*** Opening Data shown ***

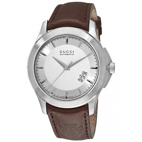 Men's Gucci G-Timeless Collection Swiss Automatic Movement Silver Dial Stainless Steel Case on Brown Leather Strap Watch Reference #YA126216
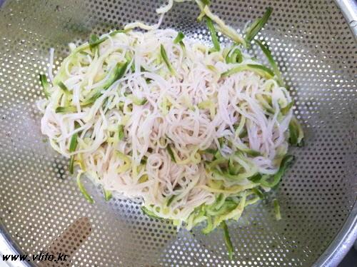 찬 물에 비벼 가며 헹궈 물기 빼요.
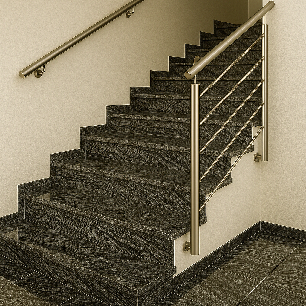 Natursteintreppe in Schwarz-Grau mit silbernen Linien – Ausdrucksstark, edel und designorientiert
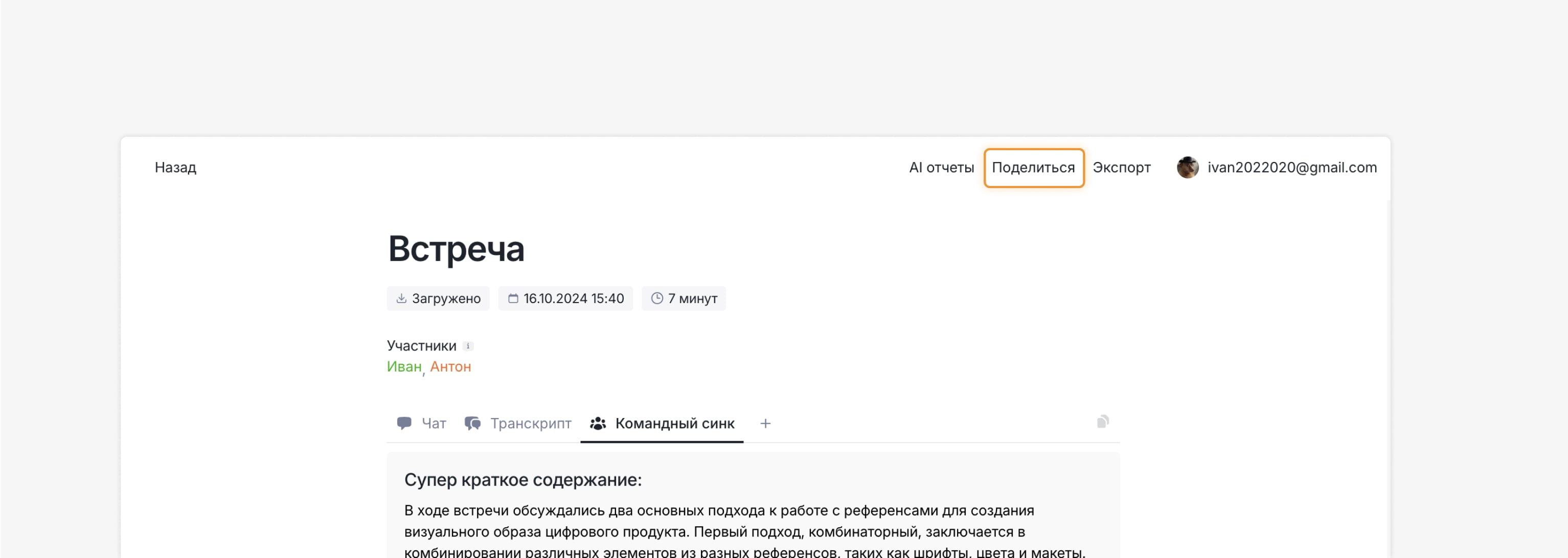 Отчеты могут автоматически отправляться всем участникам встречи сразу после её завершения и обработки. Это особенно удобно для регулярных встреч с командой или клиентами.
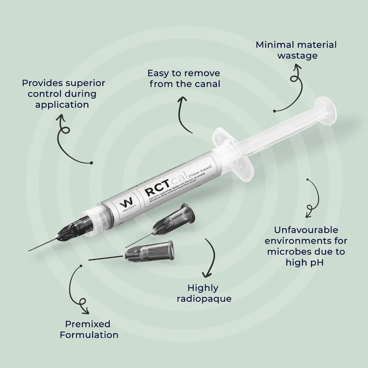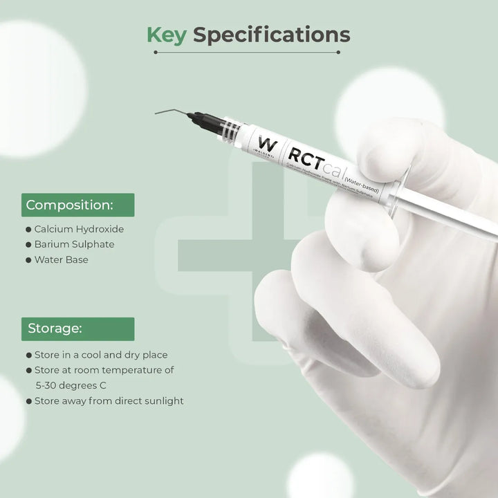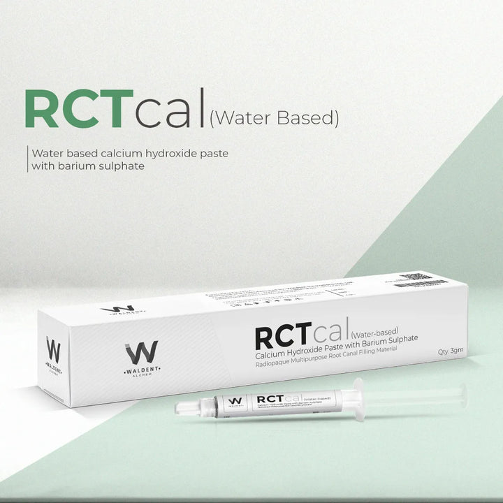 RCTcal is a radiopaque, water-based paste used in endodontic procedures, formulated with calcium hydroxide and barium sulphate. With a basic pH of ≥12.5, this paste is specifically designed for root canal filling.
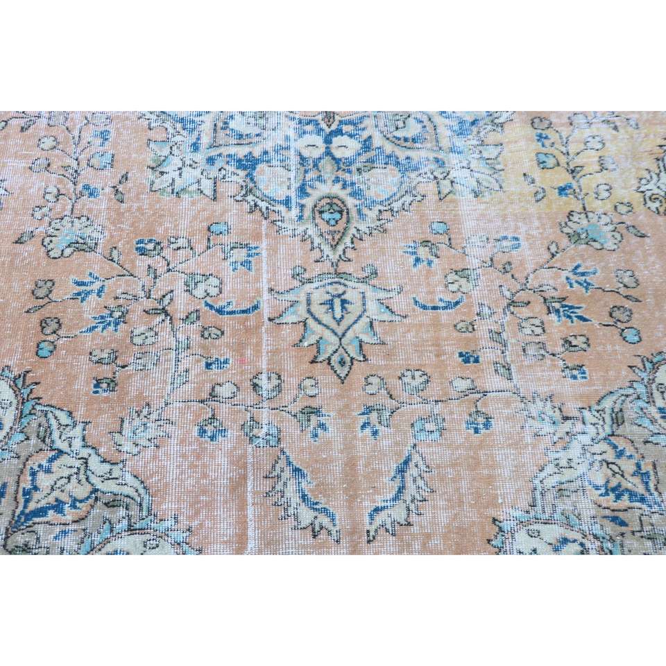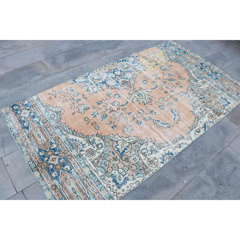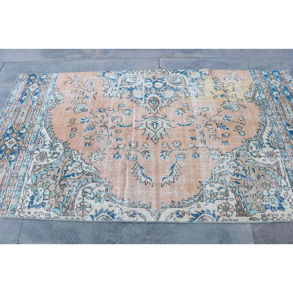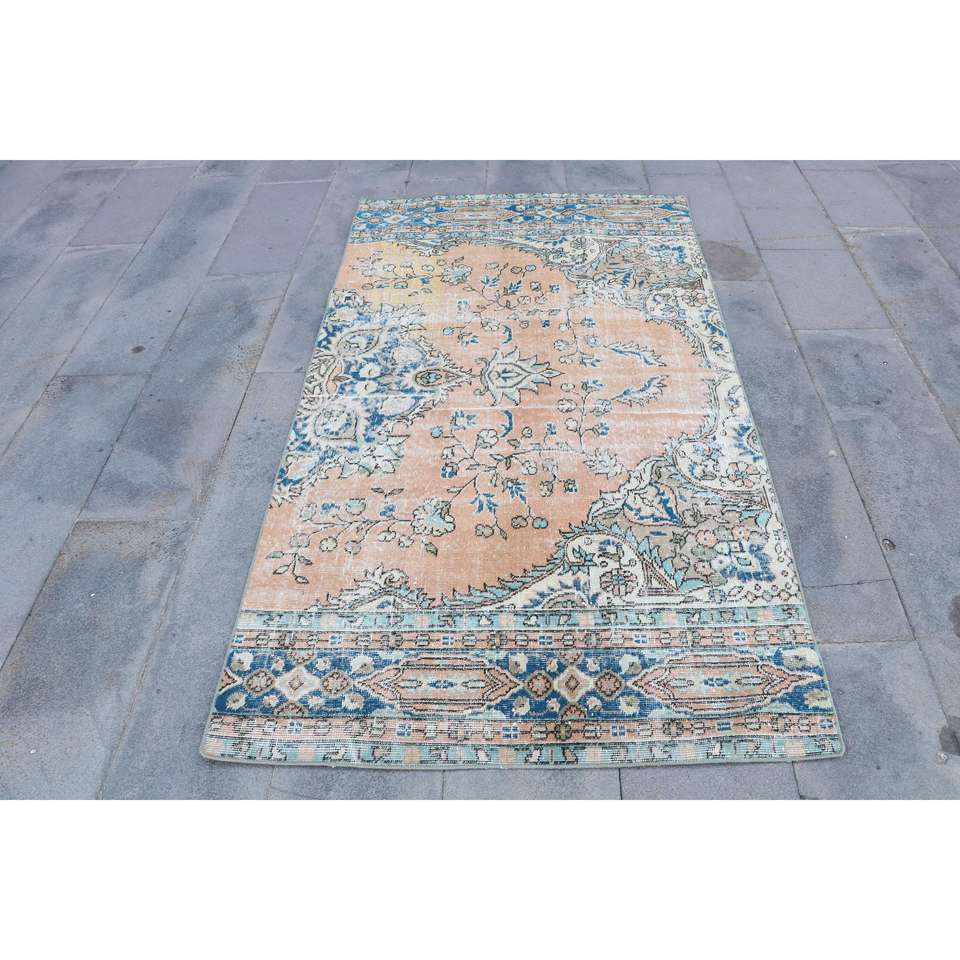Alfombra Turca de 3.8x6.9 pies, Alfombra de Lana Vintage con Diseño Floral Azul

*** Closing Data shown ***

§ Activity: Exactly as written, reproduce the lines from the one containing "Natursteintreppe in Schwarz-Grau" through the last line of the entries above, and leave every picture out.

§ Answer to the problem:
 Natursteintreppe in Schwarz-Grau mit silbernen Linien – Ausdrucksstark, edel und designorientiert
 Отчеты могут автоматически отправляться всем участникам встречи сразу после её завершения и обработки. Это особенно удобно для регулярных встреч с командой или клиентами.
 RCTcal is a radiopaque, water-based paste used in endodontic procedures, formulated with calcium hydroxide and barium sulphate. With a basic pH of ≥12.5, this paste is specifically designed for root canal filling.
Alfombra Turca de 3.8x6.9 pies, Alfombra de Lana Vintage con Diseño Floral Azul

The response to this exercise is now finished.